The Dockerfile clones the repository and installs all Python dependencies:
WORKDIR $SRC
RUN git clone https://github.com/ddelgadillod/ProtegePD
RUN pip3 install -r ProtegePD/requirements.txt
RUN cp ProtegePD/*.py $BIN
RUN cp -r ProtegePD/assets $BIN
RUN cp -r ProtegePD/test_files $HOME
Python dependencies (from requirements.txt):
  • biopython 1.83 - Core bioinformatics library for sequence manipulation
  • dash 2.14.2 - Web application framework for the GUI
  • pandas 2.2.0 - Data manipulation and analysis
  • plotly 5.18.0 - Interactive visualization library
  • numpy 1.26.3 - Numerical computing
  • scipy 1.12.0 - Scientific computing algorithms
  • Flask 3.0.1 - Web server backend
The setup also creates a symbolic link for easy command access:
WORKDIR $BIN
RUN ln -s protege.py protege-pd
WORKDIR $HOME

Container Runtime Configuration

Port Mapping

The application runs a Dash web server on port 8050:
-p 127.0.0.1:8050:8050
  • 127.0.0.1 - Binds to localhost only (security best practice)
  • 8050 (first) - Host machine port
  • 8050 (second) - Container internal port
This configuration ensures the web interface is only accessible from your local machine, not from external networks.
Changing 127.0.0.1 to 0.0.0.0 would expose the application to your entire network. Only do this if you understand the security implications.

Volume Mounts

PROTÉGÉ PD uses bind mounts to access your FASTA files:
--mount type=bind,source=/your/files/path/,target=/root/.
Bind mount parameters:
  • type=bind - Creates a direct mount of a host directory
  • source - Absolute path on your host machine (e.g., /home/user/data/)
  • target - Mount location inside container (/root/.)
docker run --rm \
  --mount type=bind,source=/home/user/sequences/,target=/root/. \
  --name protege -p 127.0.0.1:8050:8050 --cpus 4 \
  ddelgadillo/protege_base:v1.0.2 \
  protege-pd -s myseqs.fna

CPU Allocation

The --cpus flag limits CPU resources:
--cpus 4
Recommended CPU allocation:
  • Small datasets (under 50 sequences): 2 CPUs
  • Medium datasets (50-200 sequences): 4 CPUs
  • Large datasets (over 200 sequences): 6-8 CPUs
MUSCLE alignment is CPU-intensive and benefits from multiple cores.

Container Cleanup

The --rm flag automatically removes the container after it stops:
--rm
This prevents accumulation of stopped containers and saves disk space.

Building Custom Images

You can build a custom image with modifications to the codebase:

Clone and Modify

git clone https://github.com/ddelgadillod/ProtegePD.git
cd ProtegePD
# Make your modifications to the code

Build Custom Image

docker build -t protege-custom:latest .
Build arguments:
  • -t protege-custom:latest - Tag the image with a name and version
  • . - Build context (current directory)

Run Custom Image

docker run --rm \
  --mount type=bind,source=$(pwd)/data,target=/root/. \
  --name protege -p 127.0.0.1:8050:8050 --cpus 4 \
  protege-custom:latest \
  protege-pd -s sequences.fna

Environment Variables

While PROTÉGÉ PD doesn’t require custom environment variables, you can pass them if needed:
docker run --rm \
  -e CONSENSUS_PERCENTAGE=85 \
  -e CODON_LENGTH=6 \
  --mount type=bind,source=/path/to/data,target=/root/. \
  --name protege -p 127.0.0.1:8050:8050 --cpus 4 \
  ddelgadillo/protege_base:v1.0.2 \
  protege-pd -s myseqs.fna -c 85 -d 6
Environment variables are not currently used by the application but can be helpful for scripting and automation.

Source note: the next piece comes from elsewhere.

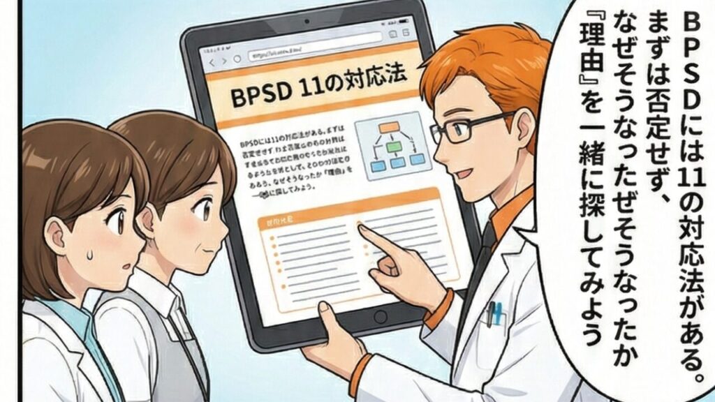 実に様々なBPSDがあり、環境や本人へのかかわり方、本人の元々の性格や合併している疾病によっても症状が出たり出なかったりするものだから、正解な対応は一律にあるとは言い切れません。対応してみないと分からないことも多いでしょう。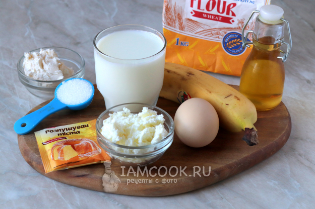 Для приготовления блинов с творогом и бананом в начинке необходимы ингредиенты из списка выше. Все продукты для теста должны быть комнатной температуры, мука - просеянная через мелкое сито.

Container Resource Monitoring

Check Container Resources

While PROTÉGÉ PD is running, monitor resource usage:
docker stats protege
This shows real-time CPU, memory, network, and disk I/O statistics.

Access Container Shell

For debugging, you can access a shell inside the running container:
docker exec -it protege bash
# Check MUSCLE version
muscle_lin -version

# View Python packages
pip3 list

# Check file locations
ls -la /usr/local/bin/

# Monitor processes
htop

Multi-Stage Builds (Advanced)

For a smaller image size, you can create a multi-stage Dockerfile:
# Build stage
FROM ubuntu:22.04 AS builder
ENV SRC /usr/local/src/
RUN apt-get update && apt-get install -y python3.10 python3-pip git wget
WORKDIR $SRC
RUN git clone https://github.com/ddelgadillod/ProtegePD
RUN pip3 install --user -r ProtegePD/requirements.txt

# Production stage
FROM ubuntu:22.04
ENV BIN /usr/local/bin/
ENV HOME /root/
RUN apt-get update && apt-get install -y python3.10
COPY --from=builder /root/.local /root/.local
COPY --from=builder /usr/local/src/ProtegePD/*.py $BIN/
COPY --from=builder /usr/local/src/ProtegePD/assets $BIN/assets
WORKDIR $HOME
CMD ["protege-pd", "--help"]
Multi-stage builds reduce image size but require more complex debugging. Use only if disk space is critical.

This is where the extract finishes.